*** Opening of Input ***
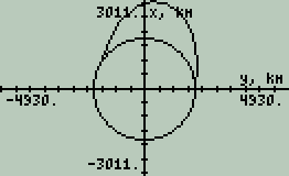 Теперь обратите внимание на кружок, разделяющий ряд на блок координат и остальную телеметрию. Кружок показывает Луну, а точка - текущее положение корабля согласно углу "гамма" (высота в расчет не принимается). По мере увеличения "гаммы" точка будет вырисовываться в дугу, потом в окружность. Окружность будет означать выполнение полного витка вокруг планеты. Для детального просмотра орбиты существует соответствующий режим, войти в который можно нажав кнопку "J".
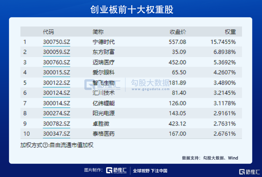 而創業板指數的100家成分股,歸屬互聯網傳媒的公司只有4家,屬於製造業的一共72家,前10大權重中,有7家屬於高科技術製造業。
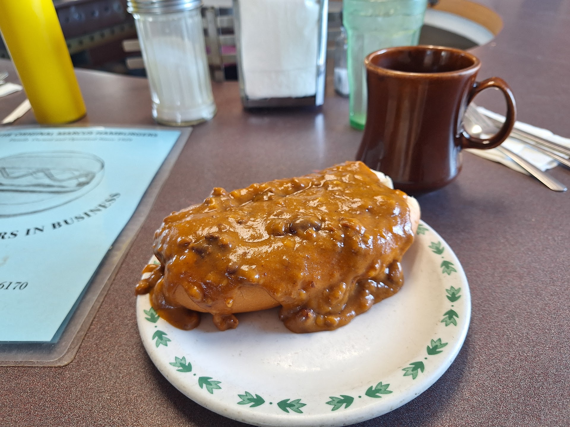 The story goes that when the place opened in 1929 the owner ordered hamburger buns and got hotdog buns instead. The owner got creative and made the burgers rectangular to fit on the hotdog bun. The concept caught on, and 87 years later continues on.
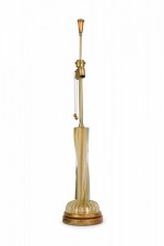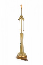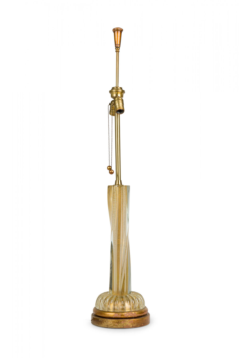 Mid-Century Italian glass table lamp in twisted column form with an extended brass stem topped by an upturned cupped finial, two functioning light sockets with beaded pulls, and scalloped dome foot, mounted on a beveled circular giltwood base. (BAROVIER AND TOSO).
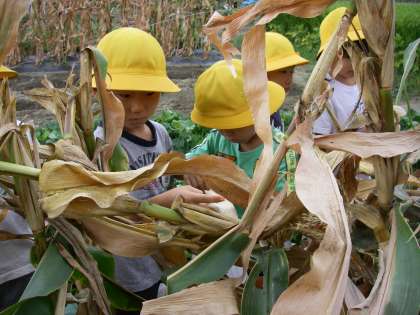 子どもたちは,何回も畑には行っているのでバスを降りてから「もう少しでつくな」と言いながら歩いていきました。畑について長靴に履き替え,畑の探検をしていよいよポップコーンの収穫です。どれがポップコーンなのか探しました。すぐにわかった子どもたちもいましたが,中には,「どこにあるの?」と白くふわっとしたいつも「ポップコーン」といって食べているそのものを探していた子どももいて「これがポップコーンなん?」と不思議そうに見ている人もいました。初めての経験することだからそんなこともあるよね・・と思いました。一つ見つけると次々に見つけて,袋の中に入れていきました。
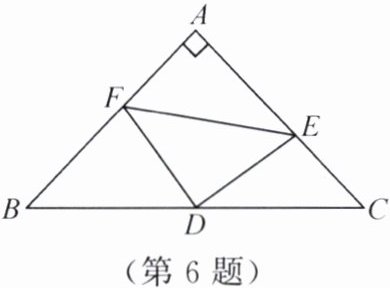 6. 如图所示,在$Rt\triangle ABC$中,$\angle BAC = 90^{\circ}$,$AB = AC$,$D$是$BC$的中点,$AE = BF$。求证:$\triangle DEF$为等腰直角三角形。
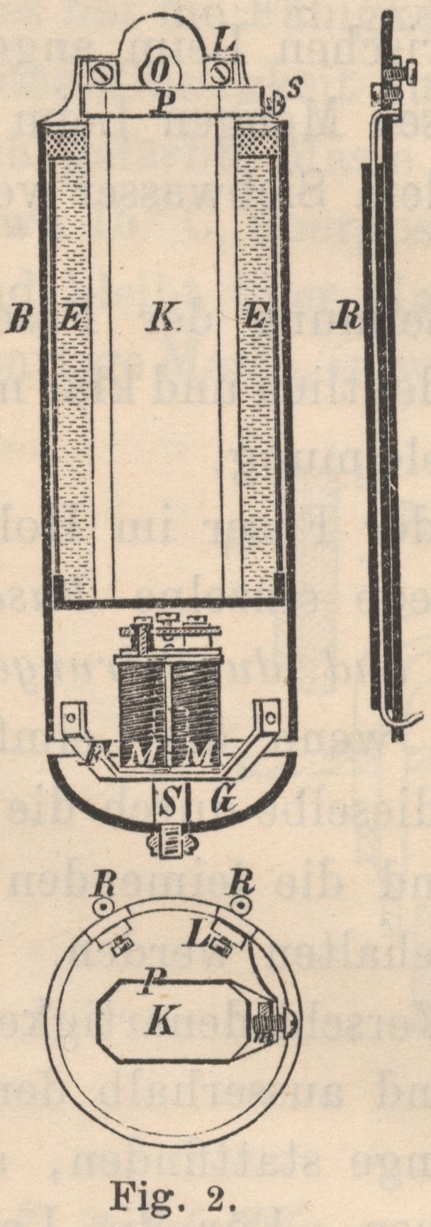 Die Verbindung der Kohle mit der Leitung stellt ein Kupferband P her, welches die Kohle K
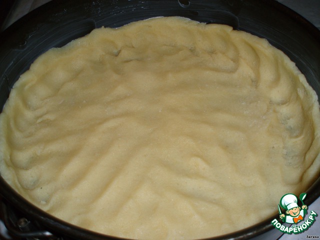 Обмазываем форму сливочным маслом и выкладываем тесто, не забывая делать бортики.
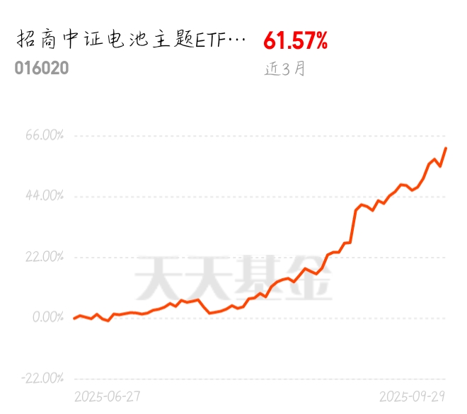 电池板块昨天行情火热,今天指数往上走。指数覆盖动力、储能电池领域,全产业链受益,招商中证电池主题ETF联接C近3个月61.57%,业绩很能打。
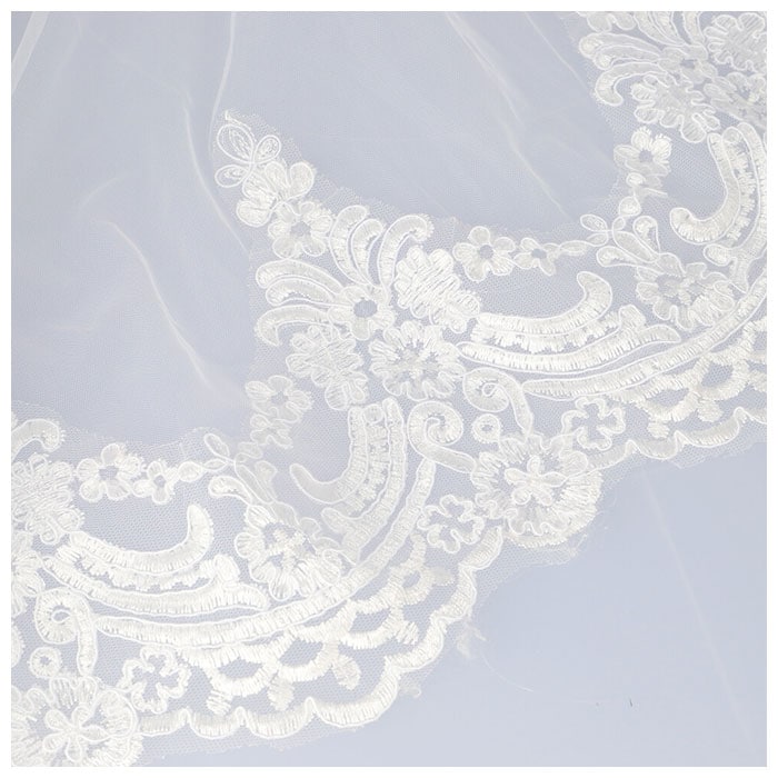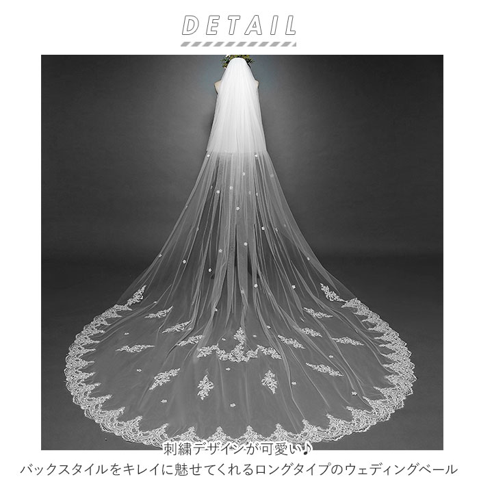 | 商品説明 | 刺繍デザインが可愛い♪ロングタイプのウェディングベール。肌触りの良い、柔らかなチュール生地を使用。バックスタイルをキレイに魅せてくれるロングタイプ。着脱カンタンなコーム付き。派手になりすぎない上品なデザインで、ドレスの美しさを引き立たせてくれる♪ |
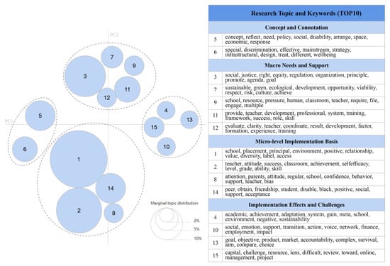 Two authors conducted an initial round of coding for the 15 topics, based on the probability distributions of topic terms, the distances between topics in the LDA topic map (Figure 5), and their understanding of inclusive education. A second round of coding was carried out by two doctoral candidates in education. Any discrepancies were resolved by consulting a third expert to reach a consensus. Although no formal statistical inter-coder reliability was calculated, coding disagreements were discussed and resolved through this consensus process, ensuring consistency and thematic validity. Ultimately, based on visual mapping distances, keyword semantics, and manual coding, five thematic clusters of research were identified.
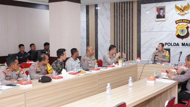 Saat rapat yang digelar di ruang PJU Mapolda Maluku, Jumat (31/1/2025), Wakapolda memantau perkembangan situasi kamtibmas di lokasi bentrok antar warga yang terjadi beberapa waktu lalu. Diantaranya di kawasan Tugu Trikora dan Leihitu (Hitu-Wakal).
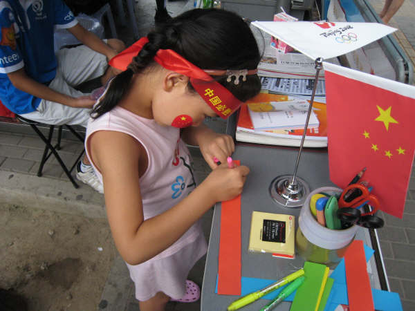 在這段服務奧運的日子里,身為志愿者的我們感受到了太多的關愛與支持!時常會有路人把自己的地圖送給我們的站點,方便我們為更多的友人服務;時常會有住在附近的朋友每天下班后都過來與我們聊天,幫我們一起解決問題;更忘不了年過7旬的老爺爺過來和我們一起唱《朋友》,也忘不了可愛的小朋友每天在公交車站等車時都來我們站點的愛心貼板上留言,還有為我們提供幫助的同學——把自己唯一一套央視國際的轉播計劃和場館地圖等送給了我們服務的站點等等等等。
*** Close of Input ***
▸ Task requirements: Your answer must be an exact copy of the lines from the one with "Обмазываем форму сливочным" through the final line of the data, both included, without any pictures.

▸ Result of the task:
 Обмазываем форму сливочным маслом и выкладываем тесто, не забывая делать бортики.
 电池板块昨天行情火热,今天指数往上走。指数覆盖动力、储能电池领域,全产业链受益,招商中证电池主题ETF联接C近3个月61.57%,业绩很能打。
 | 商品説明 | 刺繍デザインが可愛い♪ロングタイプのウェディングベール。肌触りの良い、柔らかなチュール生地を使用。バックスタイルをキレイに魅せてくれるロングタイプ。着脱カンタンなコーム付き。派手になりすぎない上品なデザインで、ドレスの美しさを引き立たせてくれる♪ |
 Two authors conducted an initial round of coding for the 15 topics, based on the probability distributions of topic terms, the distances between topics in the LDA topic map (Figure 5), and their understanding of inclusive education. A second round of coding was carried out by two doctoral candidates in education. Any discrepancies were resolved by consulting a third expert to reach a consensus. Although no formal statistical inter-coder reliability was calculated, coding disagreements were discussed and resolved through this consensus process, ensuring consistency and thematic validity. Ultimately, based on visual mapping distances, keyword semantics, and manual coding, five thematic clusters of research were identified.
 Saat rapat yang digelar di ruang PJU Mapolda Maluku, Jumat (31/1/2025), Wakapolda memantau perkembangan situasi kamtibmas di lokasi bentrok antar warga yang terjadi beberapa waktu lalu. Diantaranya di kawasan Tugu Trikora dan Leihitu (Hitu-Wakal).
 在這段服務奧運的日子里,身為志愿者的我們感受到了太多的關愛與支持!時常會有路人把自己的地圖送給我們的站點,方便我們為更多的友人服務;時常會有住在附近的朋友每天下班后都過來與我們聊天,幫我們一起解決問題;更忘不了年過7旬的老爺爺過來和我們一起唱《朋友》,也忘不了可愛的小朋友每天在公交車站等車時都來我們站點的愛心貼板上留言,還有為我們提供幫助的同學——把自己唯一一套央視國際的轉播計劃和場館地圖等送給了我們服務的站點等等等等。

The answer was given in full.